In this series, we're presenting six ideas for stocks to buy in May -- stocks our writers believe can serve as the foundation for a long-term-focused portfolio.

You know that age-old adage: "Sell in May and go away."

In theory, that makes sense. Wall Street runs on low adrenaline in the summer as many trading professionals and market watchers run off on lavish vacations. There's even some evidence that the market really does perform worse in the six months starting on May 1 than the rest of the year.

So it may be tempting to take a break from investing for a while. But then you're ignoring three undeniable facts:

  • Owning stocks for the long term is a winning strategy that crushes the winter-season market timers.
  • Selling in May and reinvesting in October will cost you. Capital gains taxes soar on short-term trading profits. Then there are those pesky commissions and other trading fees. These costs add up quickly when you liquidate and rebuild an entire portfolio.
  • Can you think of a better way for individual traders to beat the market than by investing while the pros are sunbathing in Barbados? We can react to real news while Wall Street can't.

Put these facts together and you arrive at the opposite conclusion: You should buy stocks you think are long-term winners in the summer and hold on to them through the market ups and downs. That's your best bet at beating the market.

Today, I'll show you why Google (Nasdaq: GOOG  ) just might be the perfect stock to buy in May. This is a stock for the ages.

The business
Big G probably needs no introduction. After all, the company name has entered the English dictionary as a synonym for searching the Web. Google has branched out from there to build Android (the world's largest smartphone platform), YouTube (the leading online video site), and many other ventures. Most of these sprawling operations boil down to one money-making strategy: online advertising.

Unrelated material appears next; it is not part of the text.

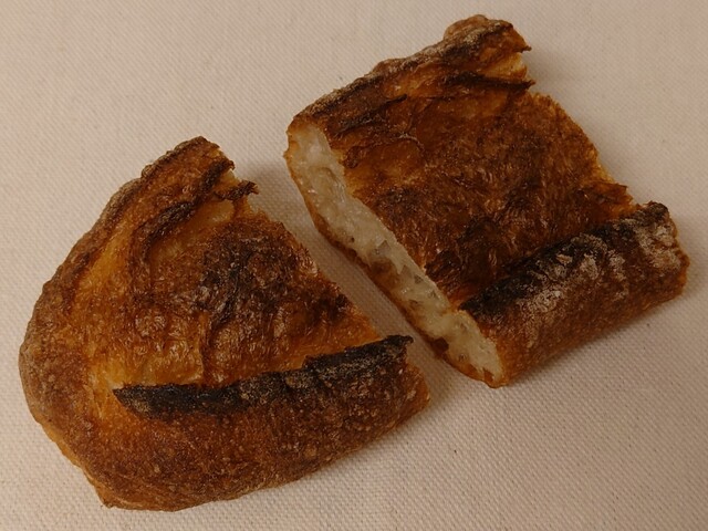 米麹は小麦のデンプンを糖に、たんぱく質をアミノ酸に分解する。米麹を用いない場合に比べ生地中の糖はデンプンから作られた分だけ増えるから、酵母が糖を分解して作る炭酸ガスも増えるだろう。そのためかパンの膨らみを助けるようにクープの長さはBaguetteのそれよりも長いものとなっている。米麹が作り出すアミノ酸は旨味成分であるから、生地全体の旨味は増しているはず。また糖とアミノ酸が生成されるため、メイラード反応が進みクラストの焼き色がBaguetteよりも濃く、少し焼きが進んだ重めの香りがする。この香りが米麹を用いた効果であろう。焼き色の割にクラストは柔らかく、クープが開いたところは薄皮がパリパリと割れるような感じ。なお細く尖った両端は、クラムがほとんど無いので見た目通りのカチカチ状だ。

Google's reach in that field is so wide that the ad views from the Apple (Nasdaq: AAPL  ) iPhone contribute more to Google's bottom line than Android does. Click by click, Internet users of every stripe contribute to Google's bulging coffers. Placing ads on Google's AdSense advertising network will soon be more important than producing TV spots. Internet ads like the AdSense model can target specific demographics far better than traditional marketing models, so the return on your marketing dollar is higher.

This is the future. Get used to it. And Google is the top dog in the digital ad market.

Why it's an own-forever stock
It seems like Google just can't impress the Street. Look up "undervalued" in the dictionary and you'll see the Google logo next to a graph like this one:

GOOG Earnings Per Share TTM Chart

 

GOOG Earnings Per Share TTM data by YCharts

Over the last five years, Google has grown earnings by 25% a year and operating cash flows by 31%. The only thing that isn't growing like gangbusters is the share price.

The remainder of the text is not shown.